**EXERCISE DESCRIPTION**: Write out again the lines from the line with "Eerie attic scene" up to and including the line with "苻坚决定以优势兵力强渡淝水,一举击溃晋军", exactly as they stand below, and skip any picture.

Top of MATERIAL SHOWN

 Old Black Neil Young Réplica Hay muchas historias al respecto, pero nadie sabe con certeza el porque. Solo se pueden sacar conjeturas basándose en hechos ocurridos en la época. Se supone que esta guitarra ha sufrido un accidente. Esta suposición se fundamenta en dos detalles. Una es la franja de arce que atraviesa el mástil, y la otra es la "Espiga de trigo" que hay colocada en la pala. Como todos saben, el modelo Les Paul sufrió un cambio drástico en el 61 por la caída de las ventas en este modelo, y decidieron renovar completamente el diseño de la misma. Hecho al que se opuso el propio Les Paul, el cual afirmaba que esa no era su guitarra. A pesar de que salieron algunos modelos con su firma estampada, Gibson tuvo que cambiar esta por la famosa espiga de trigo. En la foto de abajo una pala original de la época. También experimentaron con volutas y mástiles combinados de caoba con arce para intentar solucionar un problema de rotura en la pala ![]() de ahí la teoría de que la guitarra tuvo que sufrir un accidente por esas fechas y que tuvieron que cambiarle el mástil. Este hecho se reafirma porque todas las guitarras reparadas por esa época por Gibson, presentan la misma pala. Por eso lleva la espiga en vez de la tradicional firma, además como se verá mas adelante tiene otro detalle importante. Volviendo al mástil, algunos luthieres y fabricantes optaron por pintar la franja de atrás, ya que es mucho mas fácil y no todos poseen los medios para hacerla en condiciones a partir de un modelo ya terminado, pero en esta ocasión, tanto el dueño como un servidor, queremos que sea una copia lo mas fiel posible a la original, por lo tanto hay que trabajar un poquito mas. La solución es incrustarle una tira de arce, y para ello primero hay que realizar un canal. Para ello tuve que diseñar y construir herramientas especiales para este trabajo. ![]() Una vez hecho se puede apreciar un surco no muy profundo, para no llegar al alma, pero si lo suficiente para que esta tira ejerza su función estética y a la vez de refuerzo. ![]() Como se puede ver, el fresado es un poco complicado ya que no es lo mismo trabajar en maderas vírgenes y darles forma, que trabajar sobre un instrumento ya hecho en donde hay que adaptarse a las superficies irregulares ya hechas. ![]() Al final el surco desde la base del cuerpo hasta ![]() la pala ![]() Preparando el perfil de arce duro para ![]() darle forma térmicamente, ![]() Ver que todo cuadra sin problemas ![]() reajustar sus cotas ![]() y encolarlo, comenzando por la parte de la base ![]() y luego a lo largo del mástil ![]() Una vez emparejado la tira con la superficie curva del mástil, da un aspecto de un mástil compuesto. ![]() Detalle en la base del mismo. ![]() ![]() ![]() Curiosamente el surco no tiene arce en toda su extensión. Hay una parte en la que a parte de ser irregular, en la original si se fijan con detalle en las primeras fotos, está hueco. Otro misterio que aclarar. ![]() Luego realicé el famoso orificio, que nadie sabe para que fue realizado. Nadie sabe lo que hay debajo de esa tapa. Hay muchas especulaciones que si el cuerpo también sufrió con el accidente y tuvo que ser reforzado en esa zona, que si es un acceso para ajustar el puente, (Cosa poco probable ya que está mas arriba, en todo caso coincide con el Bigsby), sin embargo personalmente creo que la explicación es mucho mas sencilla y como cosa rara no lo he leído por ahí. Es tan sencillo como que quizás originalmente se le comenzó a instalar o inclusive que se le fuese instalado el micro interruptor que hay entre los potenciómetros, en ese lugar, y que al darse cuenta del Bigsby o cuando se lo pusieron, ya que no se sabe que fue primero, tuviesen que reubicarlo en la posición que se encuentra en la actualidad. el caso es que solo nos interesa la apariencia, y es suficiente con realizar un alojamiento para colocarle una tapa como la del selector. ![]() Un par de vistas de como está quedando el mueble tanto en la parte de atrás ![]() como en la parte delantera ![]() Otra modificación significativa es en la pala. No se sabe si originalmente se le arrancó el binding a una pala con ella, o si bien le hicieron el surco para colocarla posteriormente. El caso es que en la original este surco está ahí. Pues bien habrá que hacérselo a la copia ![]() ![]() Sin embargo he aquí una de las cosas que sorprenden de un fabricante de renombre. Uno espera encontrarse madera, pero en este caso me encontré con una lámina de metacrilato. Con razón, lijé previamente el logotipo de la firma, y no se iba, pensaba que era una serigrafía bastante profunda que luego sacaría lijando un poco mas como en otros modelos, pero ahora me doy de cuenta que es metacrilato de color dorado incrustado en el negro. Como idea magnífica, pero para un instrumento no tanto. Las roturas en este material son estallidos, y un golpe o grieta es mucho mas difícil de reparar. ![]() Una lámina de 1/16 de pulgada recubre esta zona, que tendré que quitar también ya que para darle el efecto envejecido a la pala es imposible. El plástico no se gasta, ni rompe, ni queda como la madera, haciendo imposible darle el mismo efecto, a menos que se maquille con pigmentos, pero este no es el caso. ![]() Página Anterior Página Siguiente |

Bottom of MATERIAL SHOWN
Top of MATERIAL SHOWN

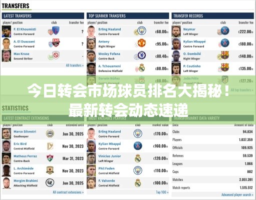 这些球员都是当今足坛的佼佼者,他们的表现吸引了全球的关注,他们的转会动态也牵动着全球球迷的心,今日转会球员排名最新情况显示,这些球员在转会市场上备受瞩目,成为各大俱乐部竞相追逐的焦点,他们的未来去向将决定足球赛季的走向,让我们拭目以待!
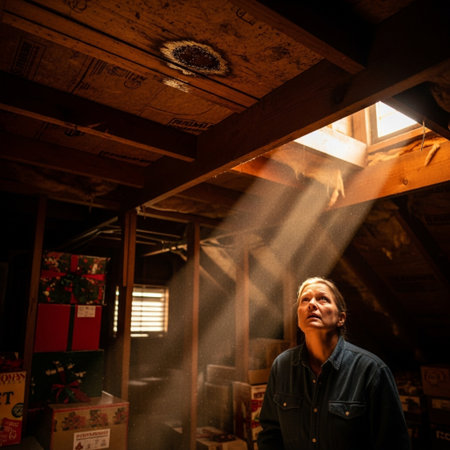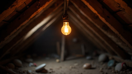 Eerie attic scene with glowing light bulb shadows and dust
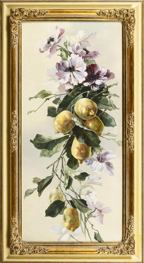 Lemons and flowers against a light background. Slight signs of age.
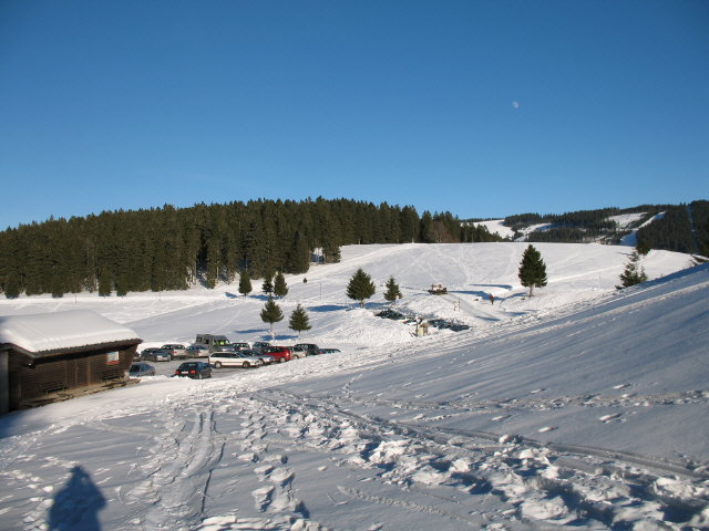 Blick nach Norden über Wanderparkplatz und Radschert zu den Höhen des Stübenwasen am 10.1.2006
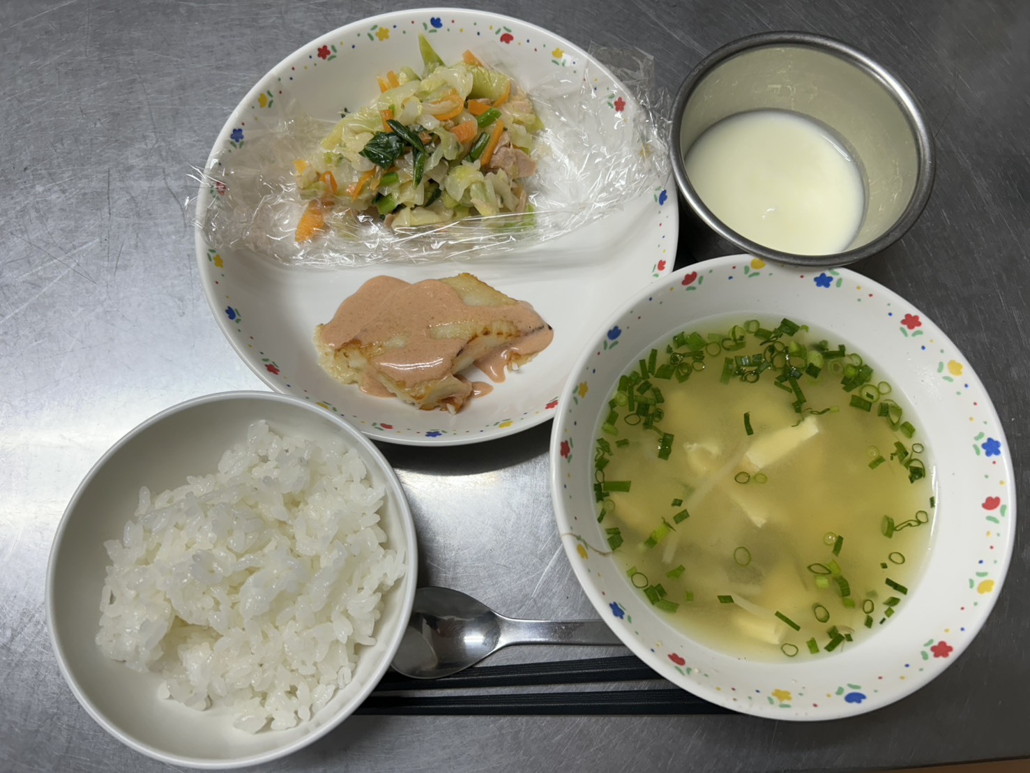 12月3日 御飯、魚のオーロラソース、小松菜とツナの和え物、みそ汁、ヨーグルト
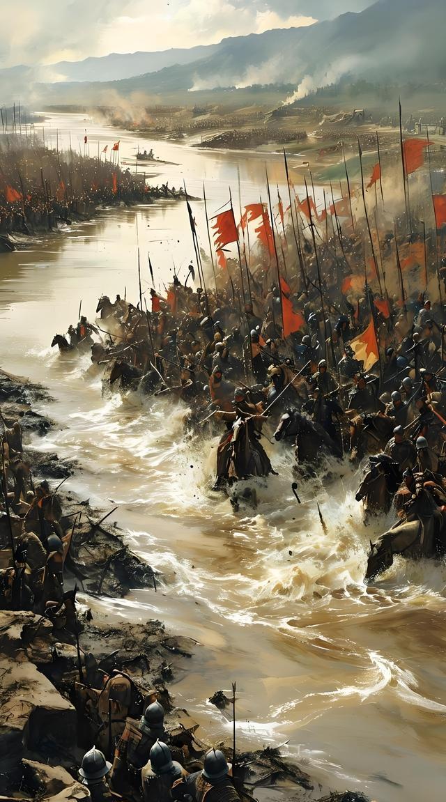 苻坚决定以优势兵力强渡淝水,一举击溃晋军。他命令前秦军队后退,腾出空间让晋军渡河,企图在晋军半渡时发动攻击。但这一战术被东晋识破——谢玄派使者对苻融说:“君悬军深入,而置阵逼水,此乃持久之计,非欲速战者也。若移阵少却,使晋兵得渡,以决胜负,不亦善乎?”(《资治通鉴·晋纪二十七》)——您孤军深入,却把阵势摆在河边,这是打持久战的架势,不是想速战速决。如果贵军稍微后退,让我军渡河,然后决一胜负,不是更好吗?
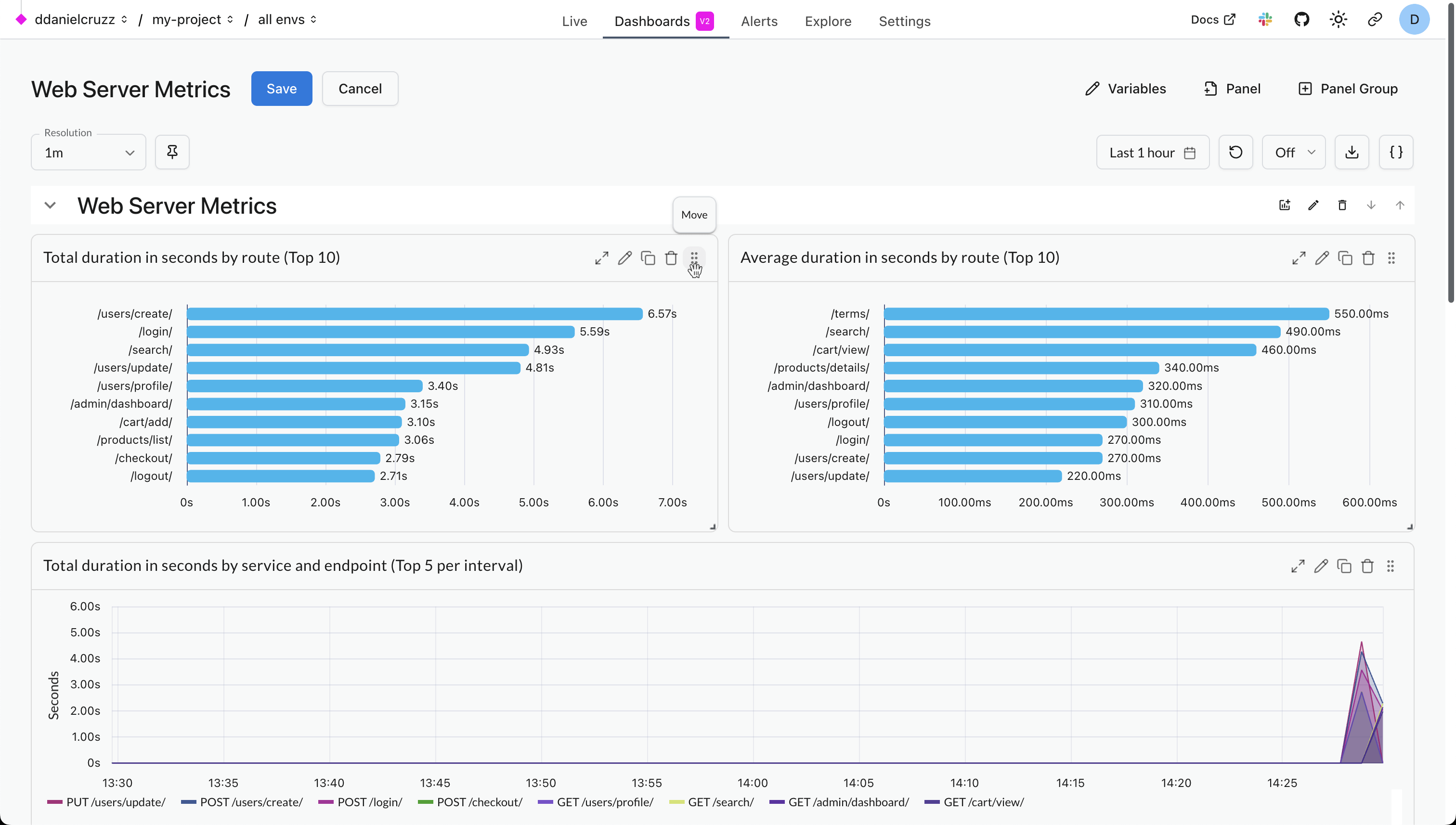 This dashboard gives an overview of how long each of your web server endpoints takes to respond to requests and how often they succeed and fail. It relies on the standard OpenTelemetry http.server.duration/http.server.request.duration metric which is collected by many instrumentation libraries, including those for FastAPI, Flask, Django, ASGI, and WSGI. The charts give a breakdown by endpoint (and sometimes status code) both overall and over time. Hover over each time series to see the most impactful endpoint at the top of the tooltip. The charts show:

Bottom of MATERIAL SHOWN
Top of MATERIAL SHOWN

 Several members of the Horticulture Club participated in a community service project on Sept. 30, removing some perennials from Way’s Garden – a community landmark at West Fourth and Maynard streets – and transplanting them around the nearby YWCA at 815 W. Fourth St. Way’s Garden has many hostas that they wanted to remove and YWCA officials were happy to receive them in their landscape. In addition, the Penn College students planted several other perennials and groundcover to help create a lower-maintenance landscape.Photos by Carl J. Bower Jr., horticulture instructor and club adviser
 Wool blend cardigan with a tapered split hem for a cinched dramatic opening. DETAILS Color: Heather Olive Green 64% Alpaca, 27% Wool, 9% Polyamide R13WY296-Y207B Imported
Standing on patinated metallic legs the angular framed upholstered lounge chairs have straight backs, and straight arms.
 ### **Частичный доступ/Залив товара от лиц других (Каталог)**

Bottom of MATERIAL SHOWN

**ANSWER TO THIS EXERCISE**:
 Eerie attic scene with glowing light bulb shadows and dust
 Lemons and flowers against a light background. Slight signs of age.
 Blick nach Norden über Wanderparkplatz und Radschert zu den Höhen des Stübenwasen am 10.1.2006
 12月3日 御飯、魚のオーロラソース、小松菜とツナの和え物、みそ汁、ヨーグルト
 苻坚决定以优势兵力强渡淝水,一举击溃晋军。他命令前秦军队后退,腾出空间让晋军渡河,企图在晋军半渡时发动攻击。但这一战术被东晋识破——谢玄派使者对苻融说:“君悬军深入,而置阵逼水,此乃持久之计,非欲速战者也。若移阵少却,使晋兵得渡,以决胜负,不亦善乎?”(《资治通鉴·晋纪二十七》)——您孤军深入,却把阵势摆在河边,这是打持久战的架势,不是想速战速决。如果贵军稍微后退,让我军渡河,然后决一胜负,不是更好吗?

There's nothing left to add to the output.